The American Brewing Company Plant, owned by the American Brewing Company, is a historic brewery complex at 431 Harris Avenue in Providence, Rhode Island that operated between 1892 and 1922. It is a well-preserved example of a state of the art late 19th century brewery building, its original functions still discernible in its layout. It was only used as a brewery until 1922, when it was shut down by Prohibition; it has served as a warehouse and storage facility for most of the time since. The complex was listed on the National Register of Historic Places in 2016.
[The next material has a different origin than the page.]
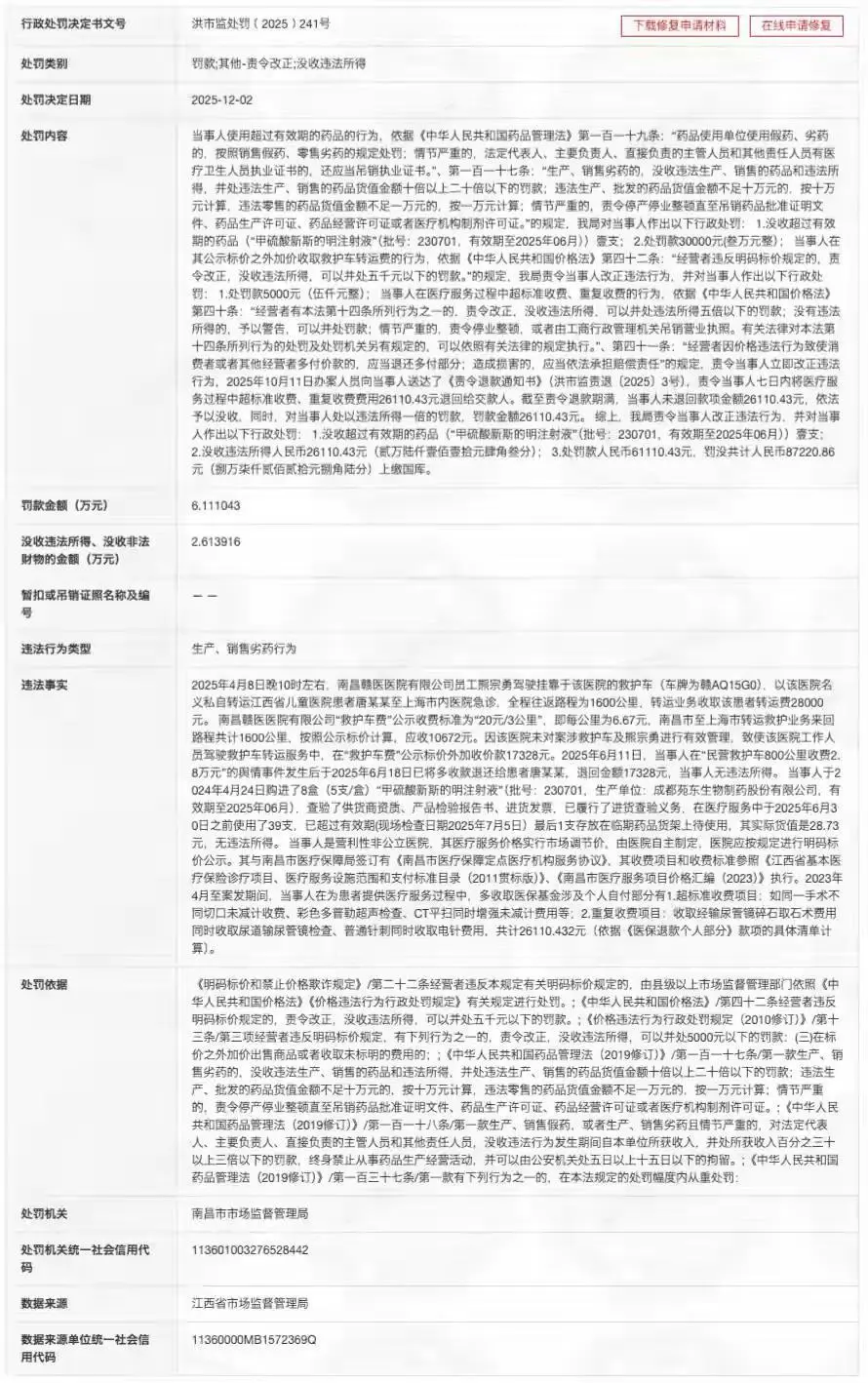 12月16日,极目新闻记者从信用中国网站查询获悉,12月2日,南昌赣医医院有限公司因存在生产销售劣药、医疗服务违规收费等多项违法行为,被南昌市市场监督管理局依法处罚,共计罚款6.1万余元,没收违法所得2.6万余元。

==Description and history==
The American Brewing Company Plant is located in Providence's Federal Hill neighborhood at the northeast corner of Harris Avenue and Eagle Street. The principal building of the plant is a three-story brick structure with stone trim. Decorative features include round-arched windows set in recessed panels, a rusticated stone stringcourse between the first and second floors, and brick piers with corbelling separating some of the windows at the upper levels. This building was designed by Adam Wagner, a well-known designer of breweries, and was built in 1892. Also on the property are a c. 1900 ice house, a 1911 boiler house, and several modern garages. The order of operations of large-scale beer brewing are still evident in the interior of the building (mostly used now as a warehouse), from fermentation, to storage and settling, to bottling.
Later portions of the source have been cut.